The influence of Hispanics, millennials, aging Baby Boomers, smaller households and consumers demanding fresh and non-processed foods are some of the top factors driving the shift in what and how consumers eat.

May 8, 2015

Sluggish restaurant traffic growth proves that U.S. consumers’ eating behaviors are evolving, according to the NPD Group, a firm that tracks how consumers eat in- and away-from-home. It reported this week that the growing influence of Hispanics, millennials going through life stages, aging baby boomers, smaller households, and the need for fresh and non-processed foods are among the top factors driving the shift in what and how consumers eat.

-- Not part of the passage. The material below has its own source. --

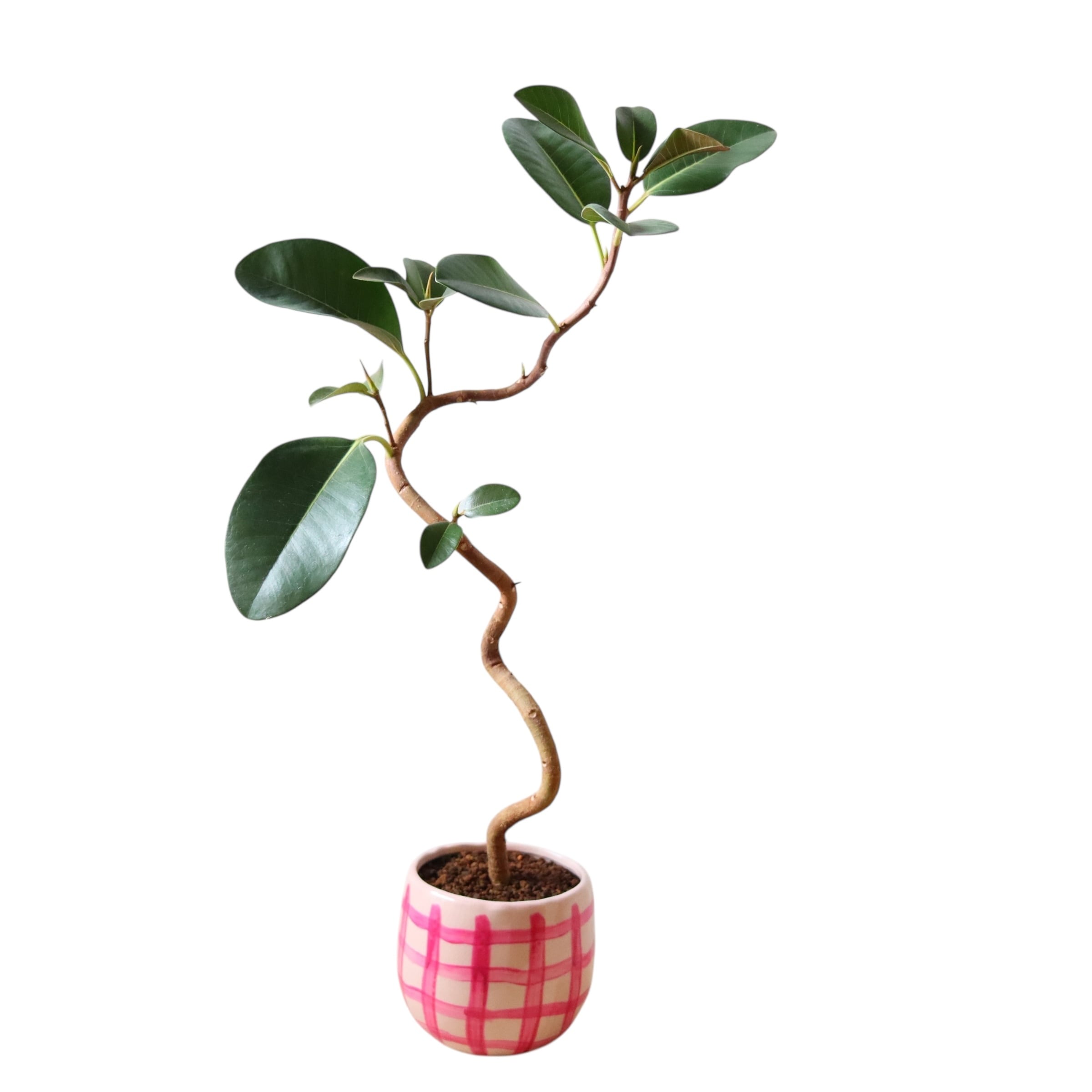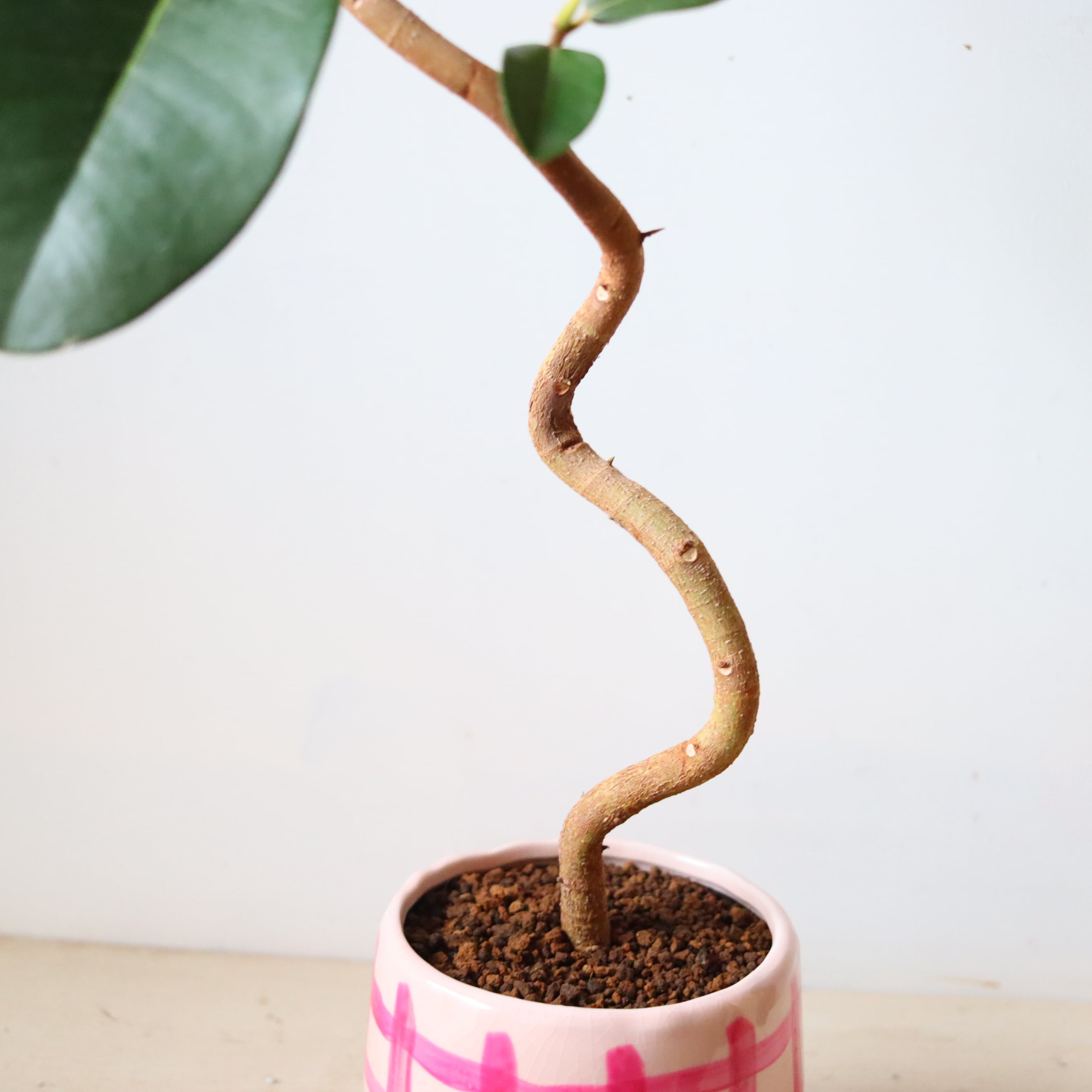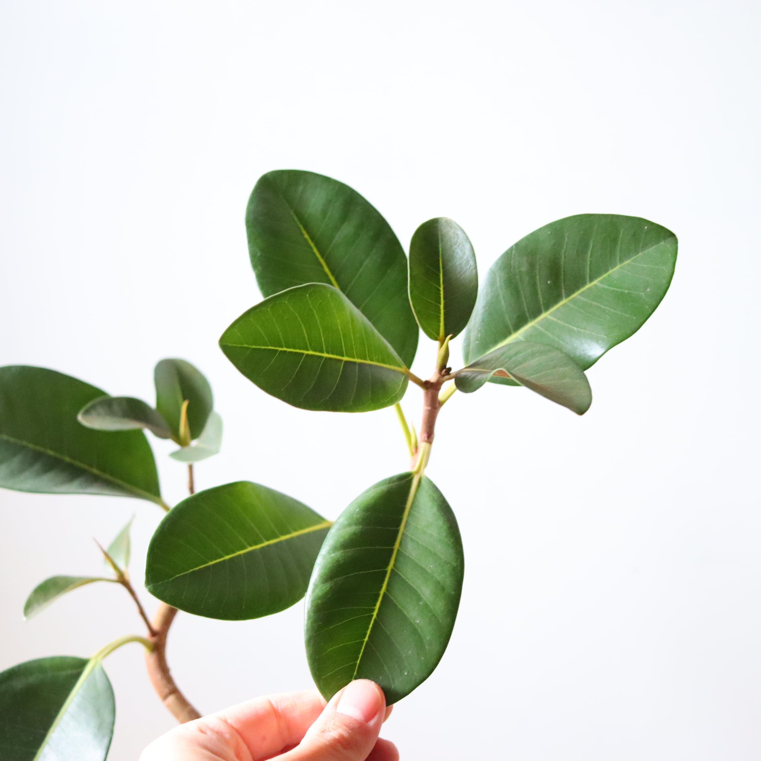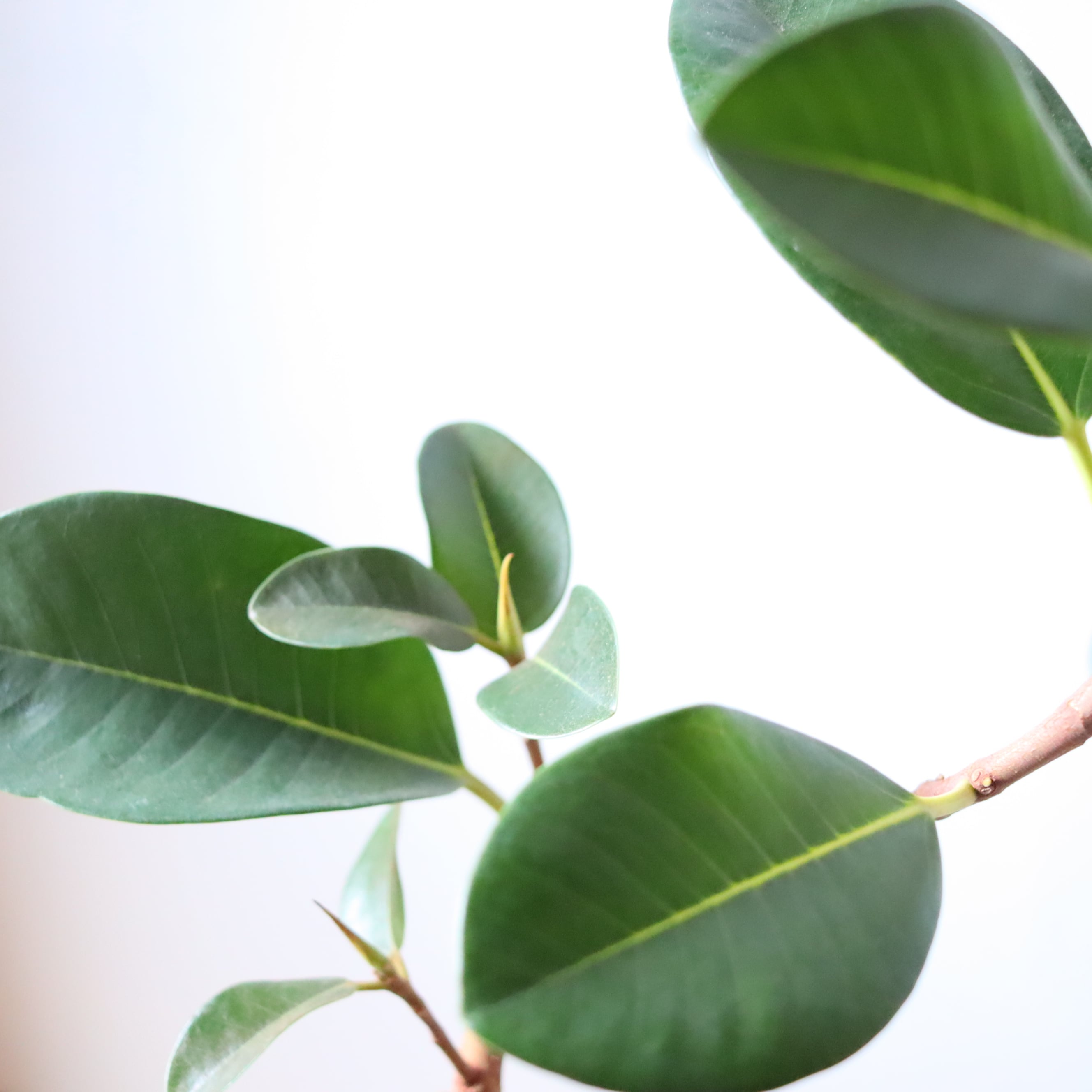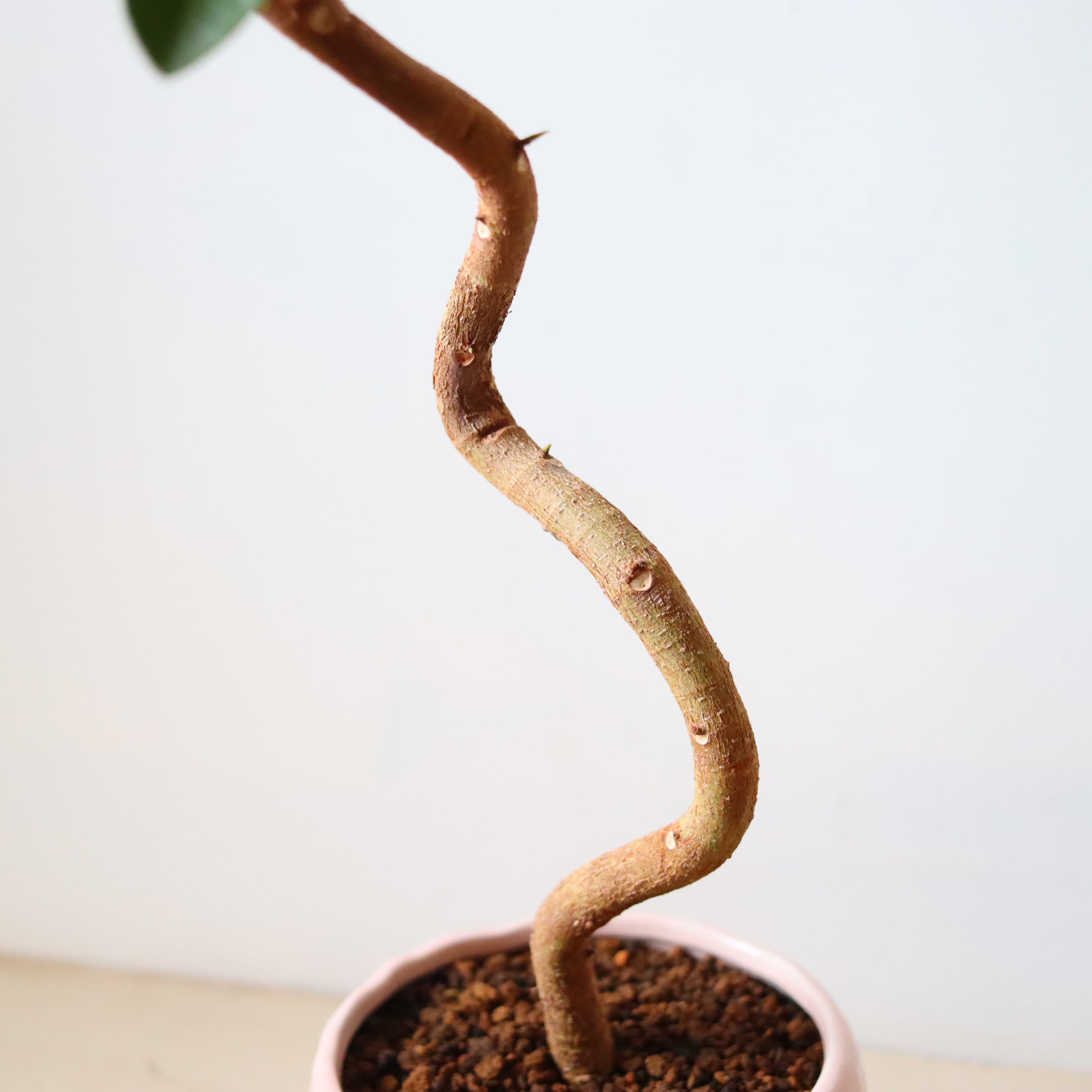 濃い緑の葉っぱがかわいい、ゴムの木です。しっかりと太い幹が曲がったシルエットが個性的でいい感じです。丈夫で育てやすく、お部屋のインテリアグリーンにおすすめの植物です。

“Visits to U.S. restaurants are forecast to grow less than 1 percent a year over the next decade, slower than the 1.1 percent a year growth in the country’s population,” said Bonnie Riggs, NPD restaurant industry analyst. “A greater share of visits will source to those 50 years and older in 2019, but as consumers age they become less frequent restaurant users. This means the restaurant industry will have heavier dependence on lighter buyers.”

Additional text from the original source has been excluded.